Project Summary Heart failure (HF) is associated with a 5-year mortality of 50% and the incidence is still rising. Identifying novel strategies to HF is of urgent clinical need. One missed opportunity is that HF is associated with a stereotypical gene expression program, however, the current therapy focuses on improving hemodynamics and neurohormonal milieu, the already committed gene program is not reversed. We have identified a circadian repressor REV-ERBα, which binds near pathological driver transcription factor MEF2s in the heart and prevents pathological gene program activation during HF. We demonstrated that pharmacological agonist of REV-ERBα ameliorates cardiac hypertrophy and HF during a variety of stresses both as prevention and as late disease stabilization. Cardiac deletion of REV-ERBα and b leads to exaggerated heart failure after pressure overload and spontaneously with aging. Further, we found REV-ERBα agonist has a similar effect in human induced pluripotent stem cells derived cardiomyocytes. We thus hypothesize that REV-ERBα inhibits cardiac pathological remodeling through transcriptional repression at the aberrantly activated MEF2 enhancers. Our long-term goal is to understand how REV-ERBα inhibits gene program in the cardiomyocytes and develop REV-ERBα enhancement as a novel therapeutic strategy for HF. In this proposal, we have two specific aims towards this goal: (1) define the role of REV-ERB in the cardiomyocytes at rest and under cardiac stress; (2) determine the molecular basis of REV-ERBα and MEF2c interaction during cardiac remodeling.
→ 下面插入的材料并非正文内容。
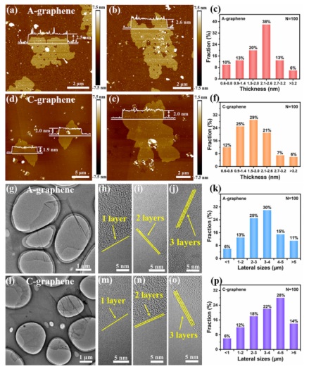 圖5. (a, b和d, e) A-石墨烯薄片和C-石墨烯薄片高度輪廓的AFM圖像。(c和f) A-石墨烯薄片和C-石墨烯薄片的厚度分布直方圖。(g-j, l-o) A-石墨烯薄片和C-石墨烯薄片的TEM電鏡和HR-TEM圖像。(k和p) A-石墨烯薄片和C-石墨烯薄片的尺寸分布直方圖。

Completion of this proposal will have significant impact in understanding gene regulation in the heart during pathological remodeling and potentially expand our therapeutic strategies for HF treatment.

项目概要 心力衰竭 (HF) 与 50% 的 5 年死亡率相关，且发病率仍在上升。 临床迫切需要治疗心力衰竭的新策略，而错过的一个机会是心力衰竭与一种疾病有关。 然而，刻板的基因表达计划目前的治疗重点是改善血流动力学和 在神经激素环境中，已经确定的基因程序不会被逆转。我们已经确定了昼夜节律。 阻遏蛋白 REV-ERBα，与心脏中的病理驱动转录因子 MEF2 附近结合并阻止 我们证明了 REV-ERBα 的药理学激动剂。 在各种压力下改善心脏肥大和心力衰竭，作为预防和晚期疾病 REV-ERBα 和 b 的心脏缺失会导致压力超负荷后严重的心力衰竭。 此外，我们发现 REV-ERBα 激动剂在人体诱导中具有类似的效果。 多能干细胞衍生的心肌细胞因此截获REV-ERBα抑制心脏病理学。 通过异常激活的 MEF2 增强子的转录抑制进行重塑 我们的长期目标。 是了解REV-ERBα如何抑制心肌细胞中的基因程序并发展REV-ERBα 增强作为心力衰竭的新治疗策略在这项提案中，我们有两个具体目标。 目标：(1) 确定 REV-ERB 在静息和心脏应激状态下心肌细胞中的作用；(2) 确定 REV-ERB 在心肌细胞中的作用； 心脏重塑过程中 REV-ERBα 和 MEF2c 相互作用的分子基础 完成该提案。 将对理解心脏病理重塑过程中的基因调控产生重大影响 潜在地扩展我们的心力衰竭治疗策略。